Parenthetical aside:
when I was a teenager, I loved being a username on the internet, talking with other usernames. our identity was our nerdiness. sex, gender, what you did to who when where and how really wasn't actually interesting to me, if it didn't involve a computer or my fandoms. or if you weren't being hurt and needed someone to talk to. kind of limited, I admit. I had caught a meme-virus I guess, a virus that got reflected in the "Cyberia" book by Rushkoff... totes worth reading btw... identity was mutable, was shiftable, was mediated by the computer which you controlled. You had arguments, but they weren't the deep level of ugly we see on twitter. (BTW: Gamergate? I think there were some decent thoughts from the 'Gators - I think I saw one or two glimpses, but it was buried so deep under the foaming rage and vileness... so ugly. )

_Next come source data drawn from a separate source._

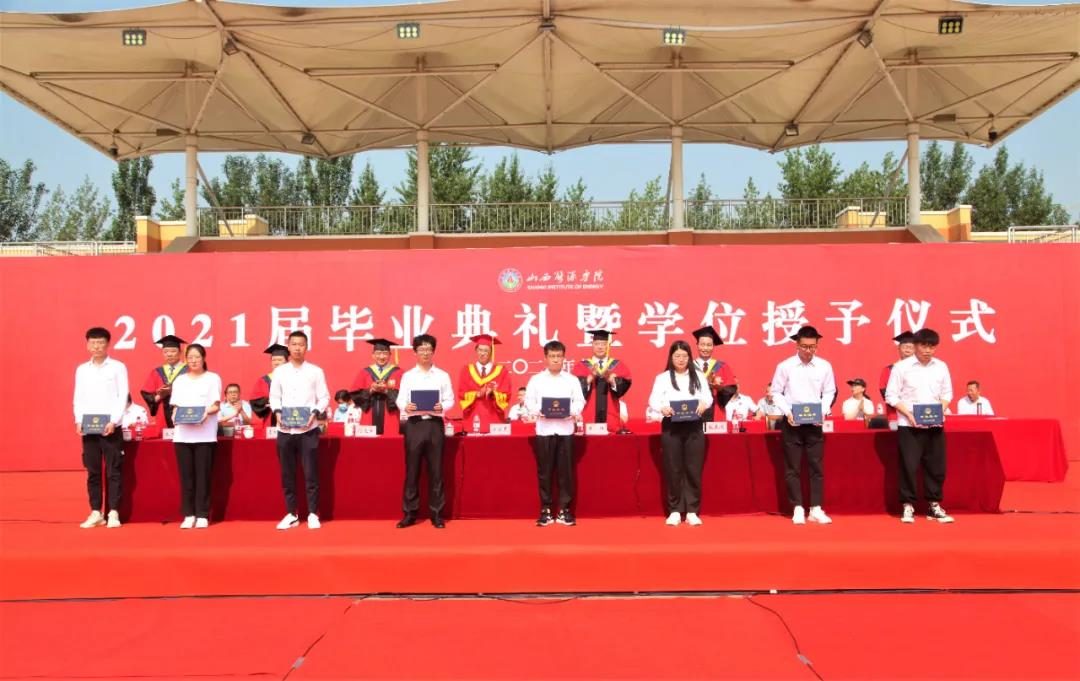典礼期间副院长孟文俊教授宣读了2021届获得毕业资格、学士学位资格的学生名单。张春有副书记宣读学院《关于表彰2021届优秀毕业生的决定》。校领导共同为毕业生代表颁发了毕业证书,学位证书并进行了学位授予,并为优秀毕业生代表颁发了荣誉证书。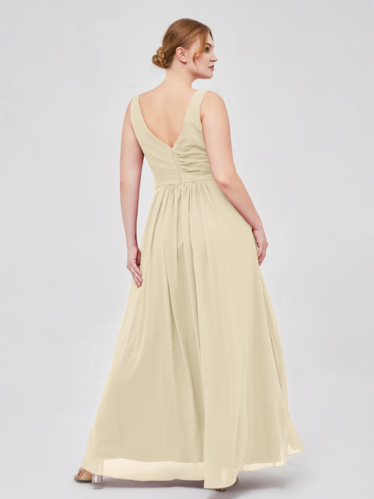 Babaroni GeorgiaGeorgia Escote En V Gasa Largo Vestido De Dama De Honor Champán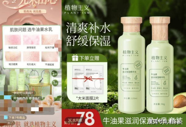 据国产普通化妆品备案信息,植物主义牛油果滋润保湿精华水、植物主义牛油果滋润保湿精华乳的功效宣称均为“11 保湿,17 舒缓”,并没有主播所说“祛黄提亮,有效改善痘痘闭口粉刺,收缩细腻毛孔”的功效,然而该宣传或会对消费者的购买行为产生影响。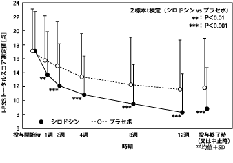 前立腺肥大症に伴う排尿障害患者を対象に、シロドシンカプセル1回4mg1日2回又はプラセボを12週間経口投与した結果、終了時のI-PSSトータルスコアは投与開始時に比較して、シロドシンで8.3及びプラセボで5.3それぞれ低下した(図4、表9)。また、投与開始時に比較してI-PSSトータルスコアが25%以上改善した症例の割合は、シロドシン76.4%(133/174例)及びプラセボ50.6%(45/89例)であり、重症度が軽症(I-PSSトータルスコア8未満)まで改善した症例の割合は、シロドシン47.7%(83/174例)及びプラセボ31.5%(28/89例)であった。シロドシンでは自覚症状は投与1週後の早期から改善し、重症例に対しても改善効果が認められた。副作用発現割合は、シロドシン群54.9%(96/175例)、プラセボ群22.5%(20/89例)であった。主な副作用は、シロドシン群で射精障害22.3%(39/175例)、軟便及び口渇各8.6%(15/175例)、尿失禁5.7%(10/175例)、下痢4.6%(8/175例)、鼻閉4.0%(7/175例)、プラセボ群で軟便、口渇及び頭痛各4.5%(4/89例)であった。副作用(臨床検査値)発現割合は、シロドシン群31.4%(55/175例)、プラセボ群21.6%(19/88例)であった。主な副作用(臨床検査値)は、シロドシン群ではトリグリセリド上昇12.0%(21/175例)、CRP上昇5.7%(10/175例)、γ-GTP上昇3.4%(6/175例)、プラセボ群ではトリグリセリド上昇10.2%(9/88例)、LDH上昇及びCRP上昇各3.4%(3/88例)であった11)。

I don't know. But I'm scared for the intellectual functioning of *my* society, the hacker one. It's possible a lot of the energy is coming out of teenagers, but a lot of the significant voices are people very much in the professional segment of their lives: the late 20s to 40s set. Most? of them seem to be, broadly, in agreement with the hard(er) left, from what I can recall over time. Which is also concerning, because I wish the hard left would move on from Soviet-era solutions (The group of students at WWU recently suggested, in effect, having a Kommissar watching speech). The anarchists are still mining Bakunin for ideas, for crying out loud (I was looking up anarchist child raising ideas). He's dead, Jim! Didn't the 70s produce any thinkers that are usable today? Ahem. Back to the professionals. It's pretty clear to me that the Twitter hate mob has pretty much driven the people who are opposed to doing bad things in the name of Social Justice underground on the Twitters. AFAIK, only this particular group of autistic lesbian types seems to be both intelligent and vocal about what's going on (I'm *sure* there are jackass sealions involved. So many jackasses).
Of *course*, with the Trumpism thing going on, the natural reaction of humans is to cringe and move away from anything that smells Trumpy... so it pushes a lot of energy towards the leftierish solutions in general. If the current solution is "ban badthought", then.... uhh... we gonna have a bad time in 5 years.
no subject
Date: 2016-03-30 05:34 am (UTC)WarriorWizard, I have to say that the "no platform" types - once one gets past their bluster - are actually a little scared of having their ideas challenged and being incorrect.no subject
Date: 2016-03-30 07:11 am (UTC)'No platform'? Sorry, who are you referencing? My mind is Swiss cheese after a day in the sun.